It's a terrible idea though to mate two merle dogs - pups inheriting both genes (one from each parent) can have sight and hearing problems. Eyes may be very small. One gene (so one merle parent) doesn't adversely affect the pups. Merle is a dominant gene and is not 'carried' although some dogs only show a tiny effect so may be assumed not to be merle.


----------



## PennyGC (Sep 24, 2011)

SpringerHusky said:


> Helps a little but not much.
> 
> It didn't explain or really show the difference between blue and salte which is why I asked on here instead for border collie experts.
> 
> Pictures just confused me with no real explication.


That link is confusing because they are saying 'red' and 'chocolate' are two different colours, whereas they're the same colour :frown2: so difficult to take too seriously :


----------



## SpringerHusky (Nov 6, 2008)

Interesting :thumbup1:

Luna has Blue and Brown in both eyes which I find compliments her coat colour hugely.

Yes, the double/deadly white merles. I must say I love the way the look where white is more dominant and have said before if I saw one in a rescue, i'd be tempted (would never buy from a breeder and I don't mind having a deaf and/or blind dog-just another challenge)

I'd met one after someone bred their red merle to a black tri but what they didn't know because it was just friends breeding their dogs together, was that the black tri's grandfather had been a blue merle so a few of the pups double merled.


----------



## PennyGC (Sep 24, 2011)

SpringerHusky said:


> I'd met one after someone bred their red merle to a black tri but what they didn't know because it was just friends breeding their dogs together, was that the black tri's grandfather had been a blue merle so a few of the pups double merled.

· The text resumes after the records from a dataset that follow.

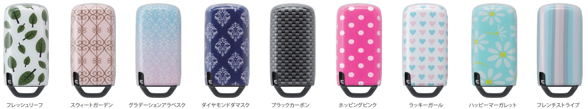
フレッシュリーフ スweetガーデン グラデーションアラベスク ダイヤモンドダマスク ブラックカーボン ホッピングピンク ラッキーガール ハッピーマーガレット フレンチストライプ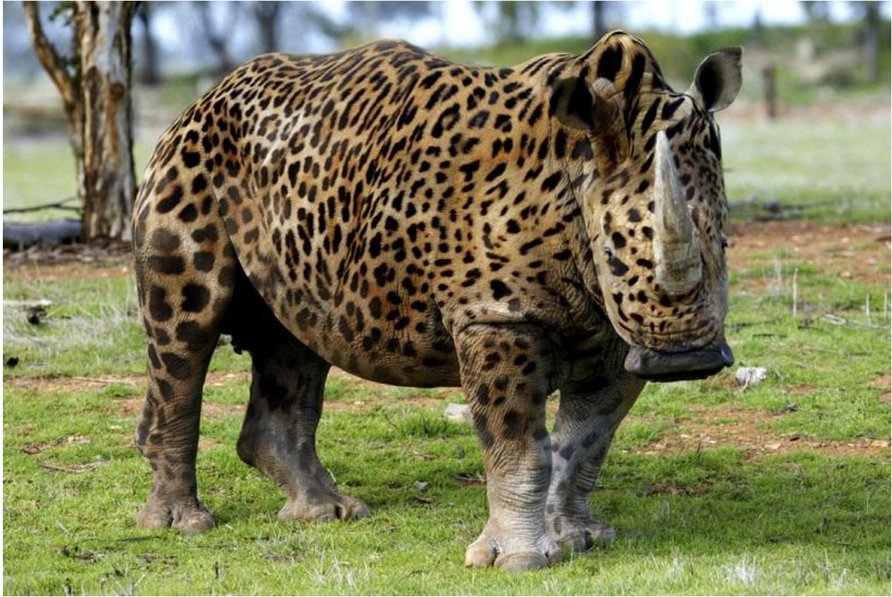
"Rinopardo / Rhinopard"

A funny photomanipulation. Here you can see how to create this hybrid. There are a few similar. It seems like crossbreed rhinos with zebras is a kind of practice with many followers.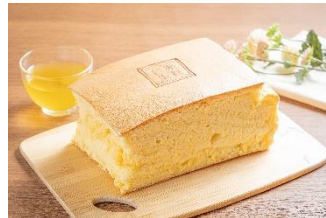
『台湾カステラ』 台楽タンガオ

ふわふわ食感が口に入ると溶けてしまうような香り高い、台湾の昔ながらのカステラケーキです。台湾で修業した職人が作り出す本場の味をお楽しみください。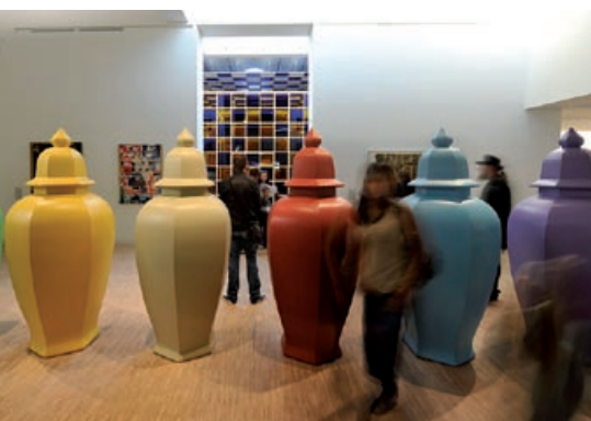
Allan McCollum, Perfect vehicles , 1988. LaM, Villeneuve d'Ascq © McCollum, 2011.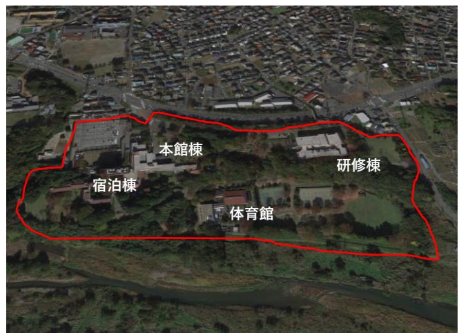
国立女性教育会館 全景

雨水の浸水やそれに伴う建物劣化を防止し、平常時の研修・宿泊利用及び災害時の避難所利用において、安心・安全に施設を提供できます。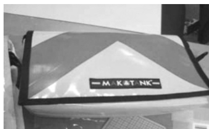
図 2. MAKTANK 工房製作バッグ

太陽工業枚方工場内に、テント膜の未利用繊維（裁ち落とし部分）と、テントや工場用袋として一度使用したものを回収したりサイクル素材を活用してオリジナルバッグを製作する MAKTANK 工房がある。主にホームページ掲載によって、図 2 に示すような 1 点物のバッグを販売することで、廃材を有効活用する取組みが進められていた。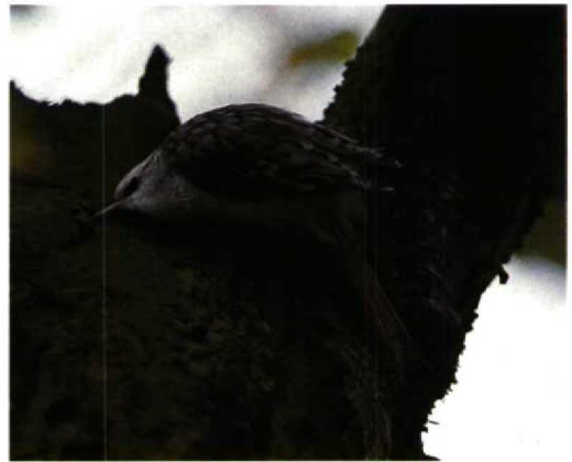
205 Hop / Hoopoe Upupa epops , Texel, Noordholland, oktober 1993 (Carl Derks) 206 Zwarte Ibis / Glossy Ibis Plegadis falcinellus , Wolphaartsdijk, Zeeland, oktober 1993 (Peter L Meininger) 207 Grote Pieper / Richard's Pipit Anthus richardi , IJmeerdijk, Almere, Flevoland, 11 september 1993 (Karel Mauer) 208 Taigaboomkruiper / Eurasian Treecreeper Certhia familiaris , Terschelling, Friesland, oktober 1993 (René van Rossum)

tweetallen op 11 september bij de Eemshaven, Groningen, en op 9 en 10 oktober bij het Zwanenwater, Noordholland. Rosse Franjepoten P. fulicarius werden gemeld op 25 september in de Bandpolder, Friesland, op 28 september bij Ransdorp, Noordholland, op 2 oktober op Schiermonnikoog, Friesland, en bij Scheveningen, Zuidholland, op 11 en 14 oktober op Terschelling, op 17 oktober op Engelsmanplaat, Friesland, en op 26 oktober langs Callantsoog, Noordholland. C 70 Middelste Jagers Stercorarius pomarinus werden tot 3 oktober langs de kust genoteerd. Kleinste Jagers S. longicaudus werden opgemerkt op 2 september en 15 september (twee) bij Camperduin, op 3 september langs de Oostvaardersdijk, Flevoland, op 4 en 5 september bij Breezand, Noordholland, op 6 september op Texel, op 12 september op Terschelling, op 16 september bij Westkapelle, op 18 september op de Maasvlakte en op 26 september bij Egmond aan Zee,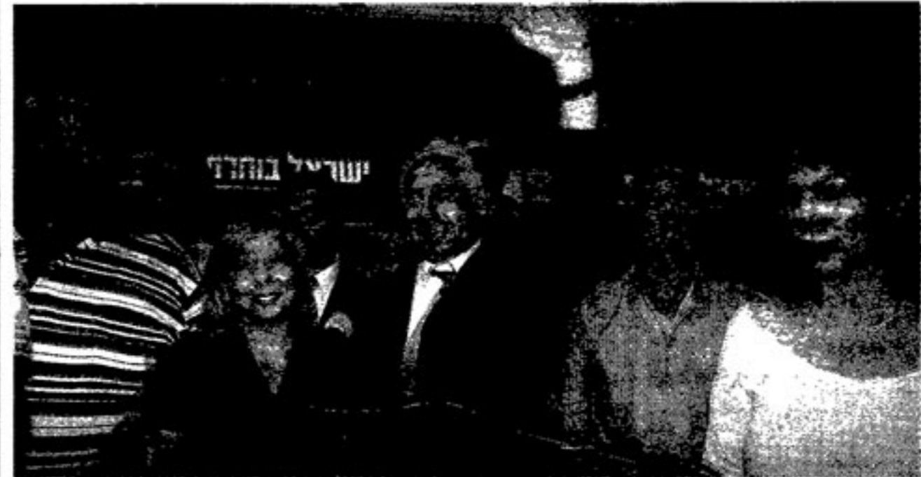
מצעי הניצחון: הזוג נתניהו, השבוע

עם זאת, גדר ההפרדה היא מפעל לאומי מוצלח ביותר. היא שווה כל שקל מ-13 מיליארד השקלים שהושקעו בה. היא שיפרה לאין ערוך את חייהם של מאות אלפי ישראלים, יהודים וערבים, שחיים לאורך קו התפר, וכפעם הראשונה מאז 1967 נתנה לישראלים גבול להתגדר בו. הייתה לה כנראה גם תרומה מסוימת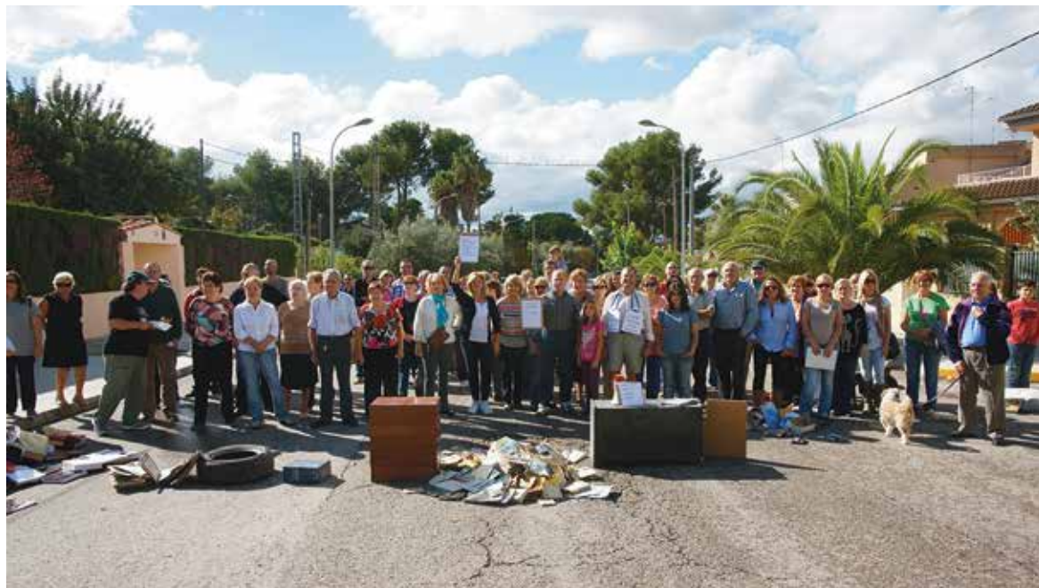
Los vecinos cortaron la calle con objetos dañados por las inundaciones

A la manifestación se unieron algunos vecinos de la calle 133, que trataron de explicar a los veci-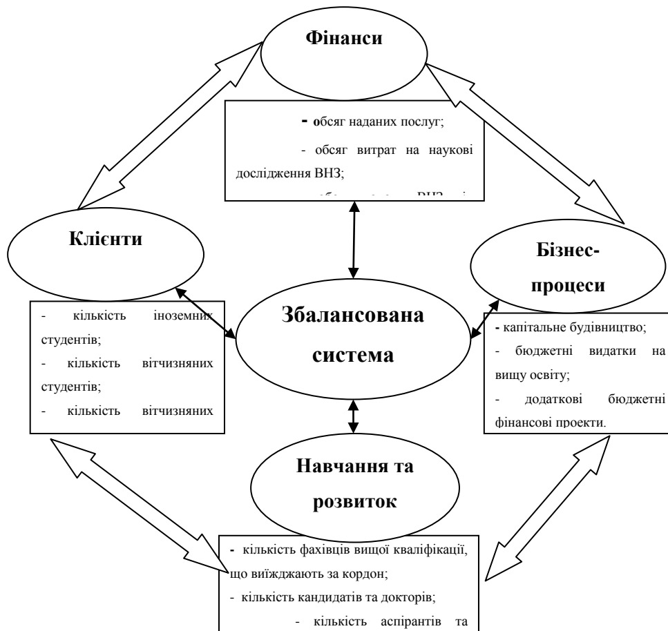
Рис. 1. Адаптована збалансована система показників для оцінки ринку освітніх послуг (розроблено автором)

У адаптованій ЗСП залишаються чотири ключові складові: фінанси, клієнти, бізнес-процеси й навчання та розвиток персоналу. Але кожен складову повинні визначати відповідні показники (рис. 1).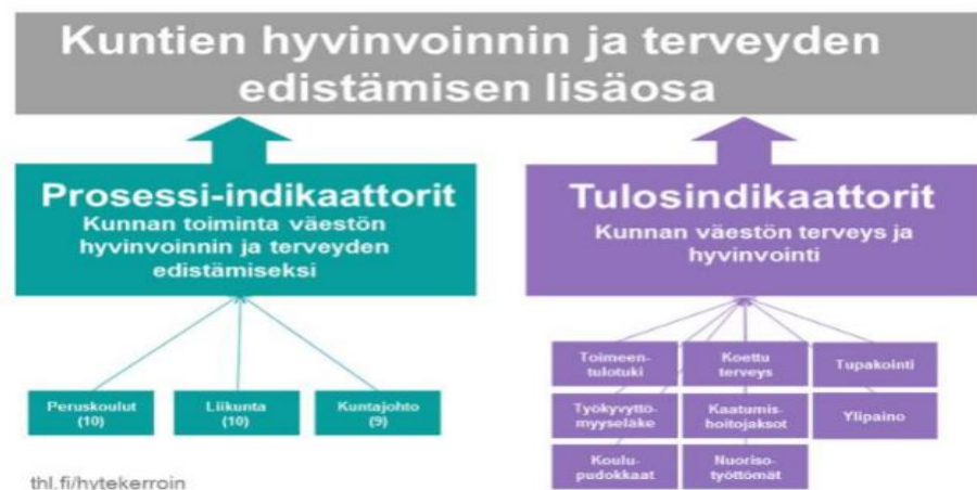
Kuva 1. HYTE –kertoimen laskennassa käytettävät indikaattorit.

Uudet hyvinvointialueet käynnistyvät 2023. Hyvinvointialueet tuottavat jatkossa sosiaali- ja terveys- sekä pelastustoimen palvelut. Hyvinvoinnin, terveyden ja turvallisuuden edistäminen jää kunnan poikkihallinnolliseksi tehtäväksi. Sen tehtävän hyvä hoito on vahvasti yhteydessä myös kunnan elinvoimaisuuden ja talouden kehitykseen. Jatkossa, hyvinvointialueiden toiminnan käynnistyessä, kuntien valtionosuusrahoitus tulee muuttumaan. 2023 alkaen kuntien valtionosuuden hyvinvoinnin ja terveyden edistämisen lisäosan laskennassa käytetään HYTE –kerrointa. Se tarkoittaa sitä, että jatkossa kunnan valtionosuuksien määräytymiseen vaikuttaa muiden tekijöiden ohella kunnan tekemä työ kuntalaisten hyvinvoinnin ja terveyden edistämiseksi. Kertoimen tarkoituksena on kannustaa kuntia aktiiviseen hyvinvoinnin ja terveyden edistämiseen myös hyvinvointialueuudistuksen voimaantulon jälkeen. HYTE -kerroin muodostuu neljästätoista (14) toimintaa kuvaavasta prosessi-indikaattorista sekä kuudesta (6) tuloksia kuvaavasta tulosindikaattorista (Kuva 1.)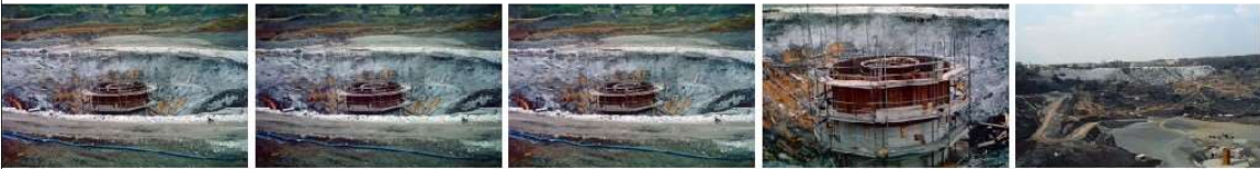
HW K3re-D39.tif-0.jpg HW K3re-D39.tif-1.jpg HW K3re-D39.tif-2.jpg HW K3re-D40.tif.jpg HW K3re-D41 (Ep).tif.jpg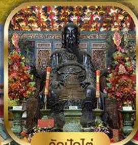
วัดปุกโต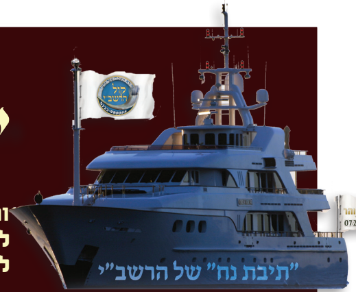
"תיבת נח" של הרשב"י

והוא קול קורא לכל יהודי ויהודי באשר הוא, להכנס לתוך התיבת נח של הזוהר הקדוש, להינצל מדור המבול הנורא השוטף את הארץ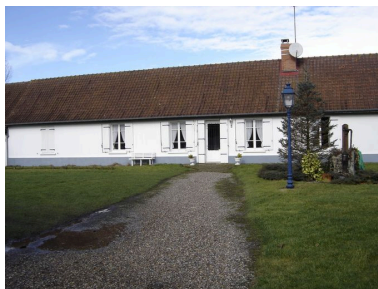
Vue du logis en fond de cour. IVR22_20058005088NUCA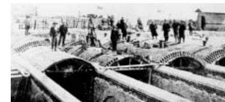
明治43年 建設当時の様子

中に住む微生物の作用で有害な菌類を取り除く<生物ろ過>を組み合わせた浄水方式のことです。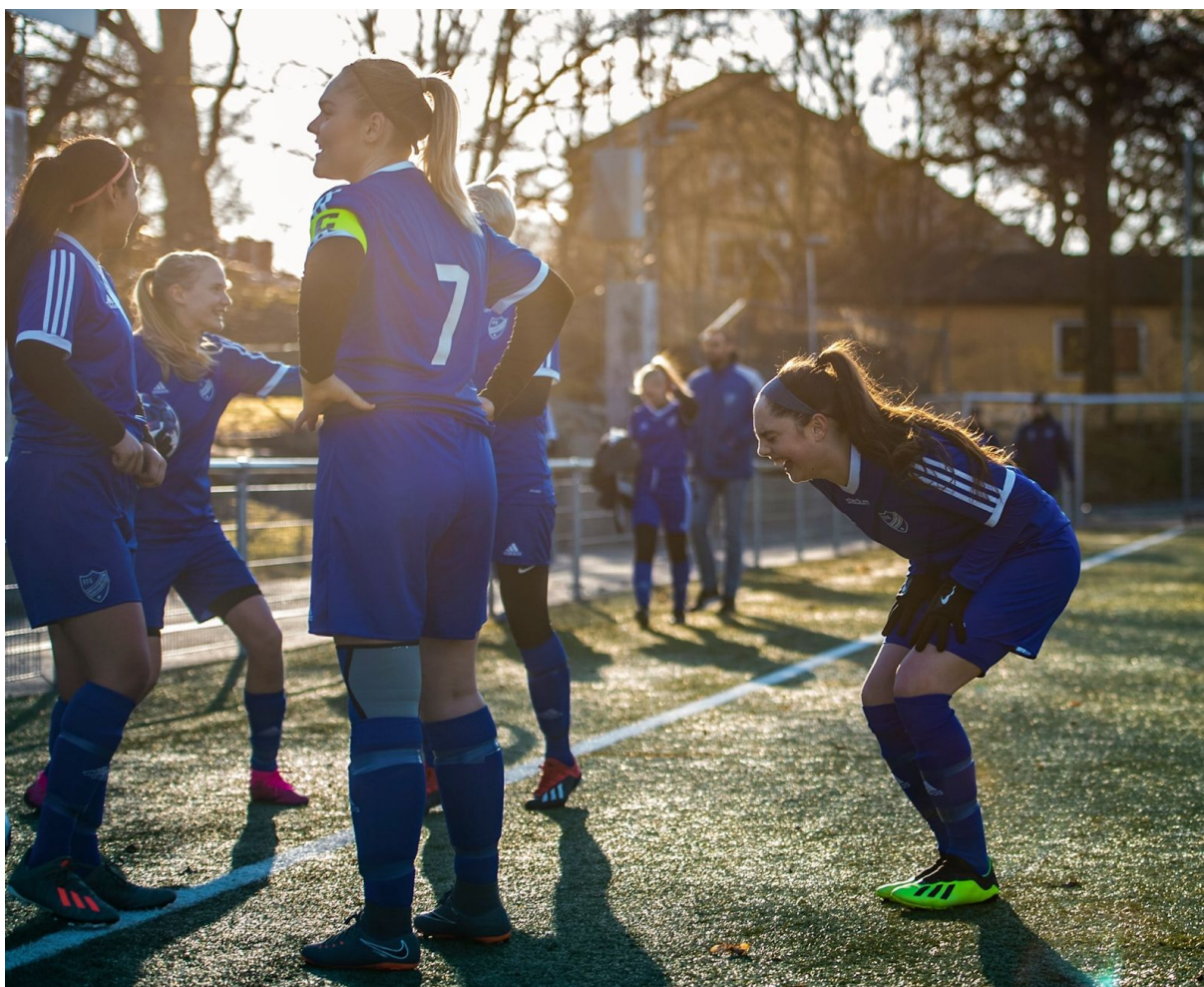
Glädje och gemenskap. Demokrati och delaktighet. Allas rätt att vara med. Rent spel. Några av grundpelarna som klubbens vision & värdegrund bygger på.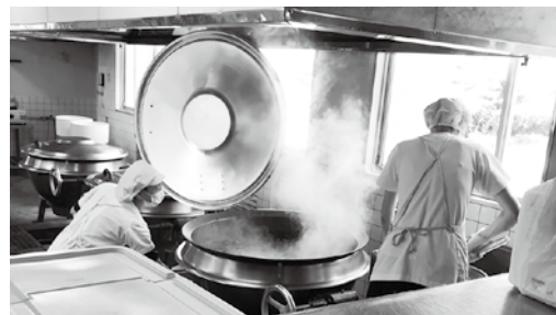
おいしい給食をありがとう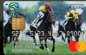
ディープインパクト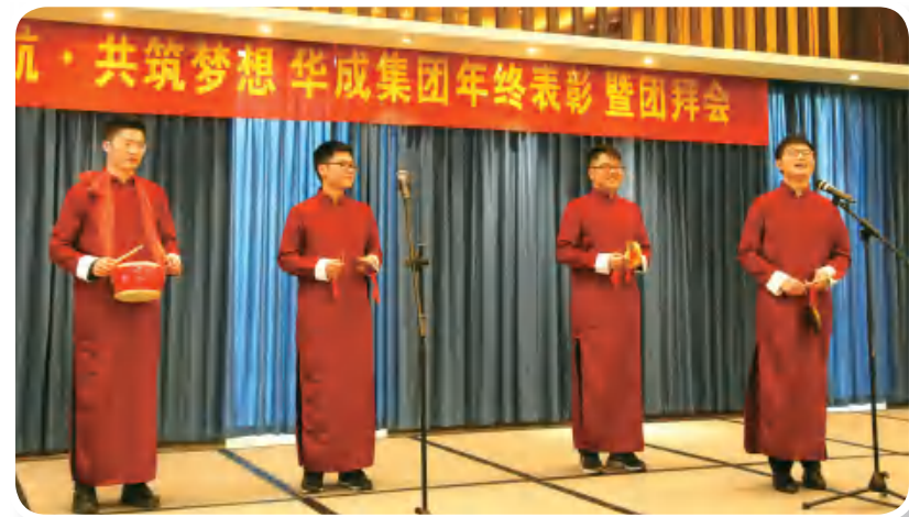
集团小伙表演三句半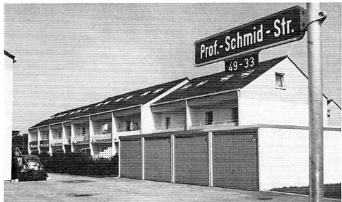
Die nach dem Künstler benannte neue Siedlung in Geiselbullach.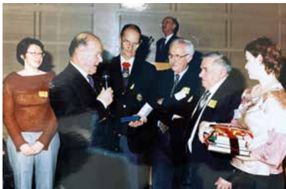
... La belle équipe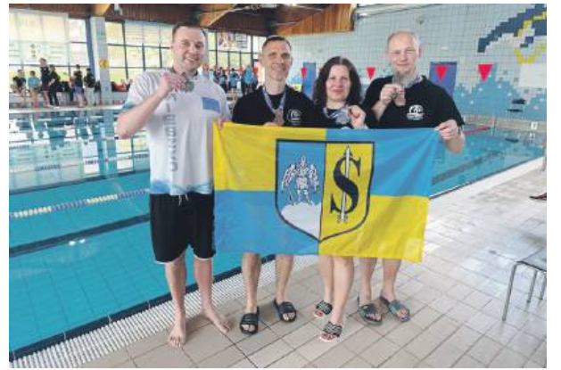
Doświadczeni pływacy ze Strzelina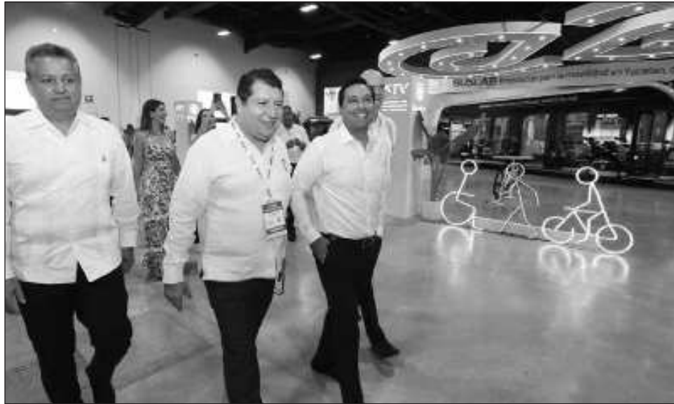
▲ Al inaugurar el encuentro, el gobernador Mauricio Vila llamó a aprovechar estos tres días para regresar a casa con una visión más amplia del desarrollo sostenible.

Se trata de un evento organizado por Pronus y enca-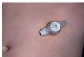
Avanos Mickey Button

Las sondas G pueden ayudar a los niños que necesitan ayuda con la alimentación a largo plazo.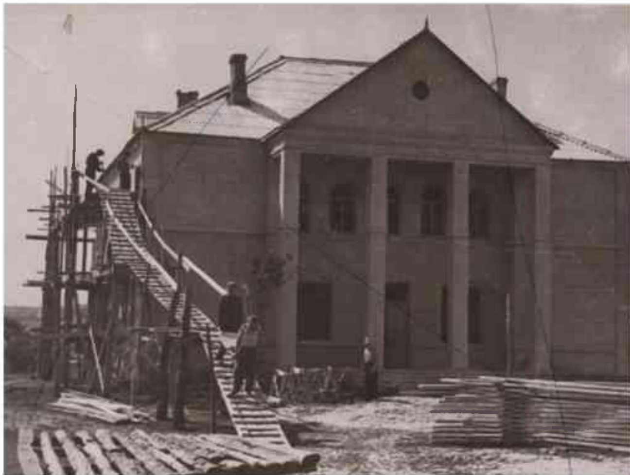
Строительство Дома культуры в колхозе имени Калинина Шебекинского района. 1950-е

«Городской комитет партии и исполком городского Совета депутатов трудящихся от имени общественных организаций, коллективов предприятий, организаций, учреждений и всех трудящихся города просят Белгородский промышленный обком КПСС – исполком областного Совета депутатов трудящихся войти в ходатайство перед Президиумом Верховного Совета РСФСР о переименовании города Шебекино в город Нежегольск», – говорится в письме в обком партии от исполкома Шебекинского городского Совета депутатов.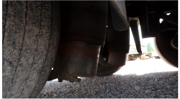
Fot. nr 76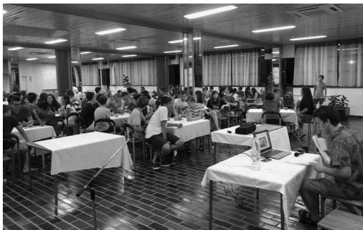
Slika 5. S matematičko-nematematičkog pub-kviza.

Bez obzira na gust raspored aktivnosti, ostalo nam je dovoljno vremena za zabavu. Budući da je i ovaj Ljetni kamp bio na moru, iskoristili smo mnoge slobodne trenutke za kupanje, ronjenje i picigin, ali nismo zaboravili odigrati i nekoliko košarkaških utakmica. U učeničkom domu dobro smo se zabavili igrajući stolni tenis, belu i trešet, a nekoliko večeri proveli smo uz nezaboravne karaoke i gitaru. Jednu smo večer već tradicionalno proveli igrajući pub kviz, a pobjedu je, iako tijesnu, odnio tim Palekina IMO karijera , osvojivši pritom vječnu slavu i kutiju domaćica. Ostale smo večeri uglavnom proveli igrajući “Mafiju” i družeći se.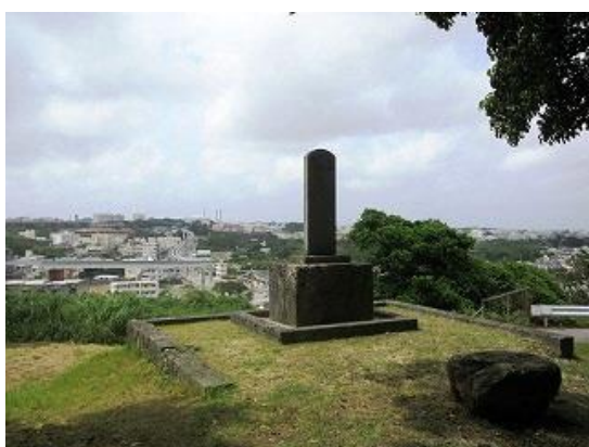
③浦添グスクの前の碑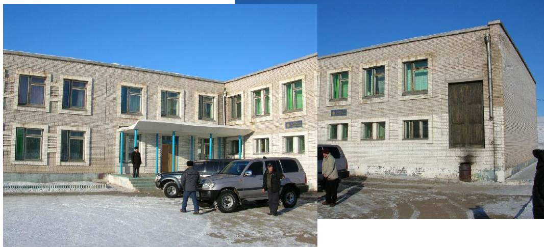
ダルハン第11学校 既存校舎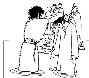
«Giovanni proclamava un battesimo di conversione...»

Anno 2020 - N. 46 - Domenica 6 Dicembre - Seconda d'Avvento

Sorry but this is impossible as the merle gene is dominant and CANNOT be carried - the only way for pups to have two merle genes is if BOTH parents are merle...


----------



## SpringerHusky (Nov 6, 2008)

PennyGC said:


> Sorry but this is impossible as the merle gene is dominant and CANNOT be carried - the only way for pups to have two merle genes is if BOTH parents are merle...


Interesting, wonder what happened there.

It was just what they told me had happened :lol:


----------



## PennyGC (Sep 24, 2011)

Tri, brown and dilute can pop out in 'unexpected' places as these are all recessive... but not merle


----------



## PennyGC (Sep 24, 2011)

SpringerHusky said:


> Interesting, wonder what happened there.
> 
> It was just what they told me had happened :lol:


Well, I guess either the bitch was mated by two dogs (one tri and one merle) or they realised they'd made a 'mistake' by putting two merle dogs together and were trying to make out it was a 'genuine mistake' that wasn't due to their error... OR the dog they thought was tri was actually merle (it can be expressed in a very tiny part of the dog, under the ear, on the eye.. they may not have noticed it... particularly if one of that dog's parents was merle.


----------



## SpringerHusky (Nov 6, 2008)

PennyGC said:


> Tri, brown and dilute can pop out in 'unexpected' places as these are all recessive... but not merle


Ahh



PennyGC said:


> Well, I guess either the bitch was mated by two dogs (one tri and one merle) or they realised they'd made a 'mistake' by putting two merle dogs together and were trying to make out it was a 'genuine mistake' that wasn't due to their error... OR the dog they thought was tri was actually merle (it can be expressed in a very tiny part of the dog, under the ear, on the eye.. they may not have noticed it... particularly if one of that dog's parents was merle.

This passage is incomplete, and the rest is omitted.